WHAT YOU WILL DO :: Please take the lines from the one holding "根據(jù)醫(yī)院發(fā)展需求" through the one holding "حدَّثنا عُبَيْدُ اللهِ" in the data below and copy them exactly.

SOURCE DATA ::
=== Section Start ===
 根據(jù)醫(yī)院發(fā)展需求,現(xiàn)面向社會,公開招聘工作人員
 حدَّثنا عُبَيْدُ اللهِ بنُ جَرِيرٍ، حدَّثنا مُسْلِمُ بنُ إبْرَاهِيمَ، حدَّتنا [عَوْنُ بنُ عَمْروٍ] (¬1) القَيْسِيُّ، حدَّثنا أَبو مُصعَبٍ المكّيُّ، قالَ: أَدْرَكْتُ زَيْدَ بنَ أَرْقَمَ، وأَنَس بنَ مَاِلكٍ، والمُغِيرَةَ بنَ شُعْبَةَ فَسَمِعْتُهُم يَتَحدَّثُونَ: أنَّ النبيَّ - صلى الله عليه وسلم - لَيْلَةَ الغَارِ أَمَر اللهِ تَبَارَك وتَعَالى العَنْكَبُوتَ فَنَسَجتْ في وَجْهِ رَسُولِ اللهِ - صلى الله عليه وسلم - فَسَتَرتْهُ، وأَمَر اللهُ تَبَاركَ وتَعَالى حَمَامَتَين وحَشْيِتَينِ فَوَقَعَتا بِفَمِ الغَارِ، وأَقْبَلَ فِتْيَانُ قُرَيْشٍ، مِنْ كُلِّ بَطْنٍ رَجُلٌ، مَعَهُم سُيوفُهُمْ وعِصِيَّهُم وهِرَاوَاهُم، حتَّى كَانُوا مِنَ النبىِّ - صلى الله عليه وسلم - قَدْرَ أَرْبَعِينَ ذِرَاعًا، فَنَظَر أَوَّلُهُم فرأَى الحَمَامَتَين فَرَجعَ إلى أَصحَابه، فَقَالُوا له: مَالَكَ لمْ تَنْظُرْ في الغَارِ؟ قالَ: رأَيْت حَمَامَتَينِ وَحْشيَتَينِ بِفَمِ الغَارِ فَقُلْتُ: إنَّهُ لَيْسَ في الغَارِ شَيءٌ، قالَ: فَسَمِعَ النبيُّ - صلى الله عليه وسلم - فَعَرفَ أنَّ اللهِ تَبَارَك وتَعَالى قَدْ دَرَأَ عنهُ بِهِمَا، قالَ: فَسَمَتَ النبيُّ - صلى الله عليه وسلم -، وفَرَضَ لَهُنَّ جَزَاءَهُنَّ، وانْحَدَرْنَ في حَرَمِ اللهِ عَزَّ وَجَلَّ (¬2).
=== Section End ===
=== Section Start ===
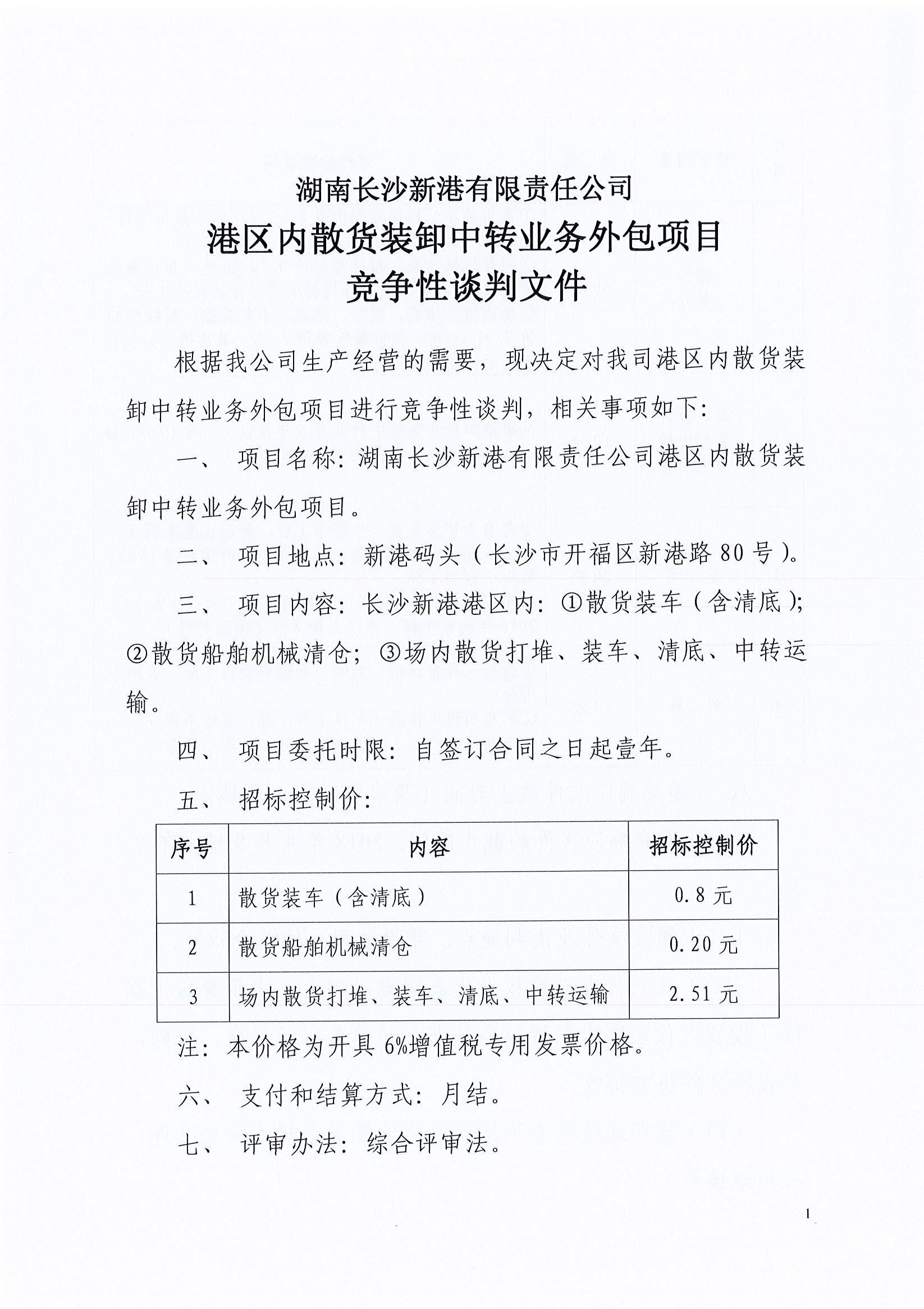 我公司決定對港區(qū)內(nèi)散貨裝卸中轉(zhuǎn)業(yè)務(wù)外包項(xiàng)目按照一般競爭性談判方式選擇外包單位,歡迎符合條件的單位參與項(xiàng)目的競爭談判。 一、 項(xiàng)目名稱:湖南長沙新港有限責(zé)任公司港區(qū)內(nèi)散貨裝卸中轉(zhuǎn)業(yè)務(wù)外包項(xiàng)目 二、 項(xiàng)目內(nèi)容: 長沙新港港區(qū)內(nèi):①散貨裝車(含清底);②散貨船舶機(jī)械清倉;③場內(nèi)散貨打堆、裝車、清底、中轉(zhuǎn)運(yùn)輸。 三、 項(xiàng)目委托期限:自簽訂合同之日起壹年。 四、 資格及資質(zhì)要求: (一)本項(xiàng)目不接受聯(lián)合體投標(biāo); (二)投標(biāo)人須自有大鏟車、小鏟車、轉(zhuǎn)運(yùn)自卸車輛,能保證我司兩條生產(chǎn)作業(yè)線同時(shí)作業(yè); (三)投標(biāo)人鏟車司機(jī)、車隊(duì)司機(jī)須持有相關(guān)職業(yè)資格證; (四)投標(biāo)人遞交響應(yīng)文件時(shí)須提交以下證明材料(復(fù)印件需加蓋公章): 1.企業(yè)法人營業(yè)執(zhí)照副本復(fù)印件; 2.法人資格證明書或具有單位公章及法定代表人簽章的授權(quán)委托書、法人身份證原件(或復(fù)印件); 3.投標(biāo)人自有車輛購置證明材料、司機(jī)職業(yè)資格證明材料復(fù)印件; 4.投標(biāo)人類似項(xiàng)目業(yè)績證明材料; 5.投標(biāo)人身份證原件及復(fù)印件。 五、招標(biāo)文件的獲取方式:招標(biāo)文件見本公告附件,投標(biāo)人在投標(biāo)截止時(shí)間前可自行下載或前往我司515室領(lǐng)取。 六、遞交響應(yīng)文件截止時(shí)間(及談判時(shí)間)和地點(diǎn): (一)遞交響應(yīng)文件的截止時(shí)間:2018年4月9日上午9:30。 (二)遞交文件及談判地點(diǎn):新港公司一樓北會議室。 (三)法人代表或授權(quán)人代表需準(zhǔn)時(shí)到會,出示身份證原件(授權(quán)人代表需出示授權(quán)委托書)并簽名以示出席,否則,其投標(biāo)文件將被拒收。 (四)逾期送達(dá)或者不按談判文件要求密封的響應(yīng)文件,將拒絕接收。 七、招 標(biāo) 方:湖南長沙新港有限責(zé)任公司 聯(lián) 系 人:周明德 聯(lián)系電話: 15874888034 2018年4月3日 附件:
=== Section End ===
YOUR RESPONSE ::
 根據(jù)醫(yī)院發(fā)展需求,現(xiàn)面向社會,公開招聘工作人員
 حدَّثنا عُبَيْدُ اللهِ بنُ جَرِيرٍ، حدَّثنا مُسْلِمُ بنُ إبْرَاهِيمَ، حدَّتنا [عَوْنُ بنُ عَمْروٍ] (¬1) القَيْسِيُّ، حدَّثنا أَبو مُصعَبٍ المكّيُّ، قالَ: أَدْرَكْتُ زَيْدَ بنَ أَرْقَمَ، وأَنَس بنَ مَاِلكٍ، والمُغِيرَةَ بنَ شُعْبَةَ فَسَمِعْتُهُم يَتَحدَّثُونَ: أنَّ النبيَّ - صلى الله عليه وسلم - لَيْلَةَ الغَارِ أَمَر اللهِ تَبَارَك وتَعَالى العَنْكَبُوتَ فَنَسَجتْ في وَجْهِ رَسُولِ اللهِ - صلى الله عليه وسلم - فَسَتَرتْهُ، وأَمَر اللهُ تَبَاركَ وتَعَالى حَمَامَتَين وحَشْيِتَينِ فَوَقَعَتا بِفَمِ الغَارِ، وأَقْبَلَ فِتْيَانُ قُرَيْشٍ، مِنْ كُلِّ بَطْنٍ رَجُلٌ، مَعَهُم سُيوفُهُمْ وعِصِيَّهُم وهِرَاوَاهُم، حتَّى كَانُوا مِنَ النبىِّ - صلى الله عليه وسلم - قَدْرَ أَرْبَعِينَ ذِرَاعًا، فَنَظَر أَوَّلُهُم فرأَى الحَمَامَتَين فَرَجعَ إلى أَصحَابه، فَقَالُوا له: مَالَكَ لمْ تَنْظُرْ في الغَارِ؟ قالَ: رأَيْت حَمَامَتَينِ وَحْشيَتَينِ بِفَمِ الغَارِ فَقُلْتُ: إنَّهُ لَيْسَ في الغَارِ شَيءٌ، قالَ: فَسَمِعَ النبيُّ - صلى الله عليه وسلم - فَعَرفَ أنَّ اللهِ تَبَارَك وتَعَالى قَدْ دَرَأَ عنهُ بِهِمَا، قالَ: فَسَمَتَ النبيُّ - صلى الله عليه وسلم -، وفَرَضَ لَهُنَّ جَزَاءَهُنَّ، وانْحَدَرْنَ في حَرَمِ اللهِ عَزَّ وَجَلَّ (¬2).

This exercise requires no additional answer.